Areas of Concern. Economic conditions in specific countries will continue to be a major factor in determining internetworking growth rates. Cisco remains "paranoid" about competition both from startups and from large players, including well-funded players in the voice market. Year-2000 challenges could divert resources from Internet spending. Government temptations to regulate the Internet could also affect its growth.
Cisco's goal continues to be to grow as fast as or faster than the overall industry growth rate, which industry pundits project to be 30% to 50% annual growth in countries with reasonably good economies. Cisco has not seen any fundamental changes in terms of the technology or business drivers in the industry. Given uncertain macroeconomies and increasingly shorter lead times between bookings and orders, however, quarters could come in above or below expectations.
Guidance continues to be that gross margins will decline over time due to product mix shifts, reduced component cost savings, a more diverse customer and channel mix, and ongoing competitive pressures. Going forward, the recent acquisitions will add approximately $15 million in engineering expense per quarter and an additional $6.5 million per quarter for ongoing goodwill expense, which will be included in the general and administrative costs. As a result, the target over the next three to five quarters is for operating expenses is to remain in the 34.0% to 34.5% range.
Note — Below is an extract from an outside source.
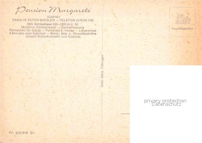 72825101 Schluchsee Pension Margarete postalisch nicht gelaufen Erhaltung siehe scans [LiesaD40] KatCode: 11110008315102
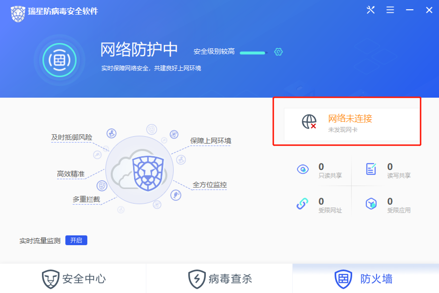 因为经常要切换网络,断网后防火墙提示,未发现网卡。:kaka6:容易造成歧义,文字建议修改下,改为未发现网络,或直接删除下面那行字,只保留网络未连接即可。

A tax provision rate of 35% is expected to continue into Q4. Looking ahead, the tax rate is expected to decline to 34% in fiscal 1999.
Fiscal fourth quarter results will be released on Tuesday, August 4, after the close of the market, with a conference call to follow.
* A Fool conference call synopsis represents an effort to highlight the salient points of a conference call and should not be taken as an authoritative accounting or transcription of the entire event. Note: Statements made by a company other than historical information may constitute forward-looking statements for which the company can claim protection under the Safe Harbor Act. Please consult the company's filings with the SEC for information on risk factors which might cause actual results to differ materially from the information contained in these forward-looking statements.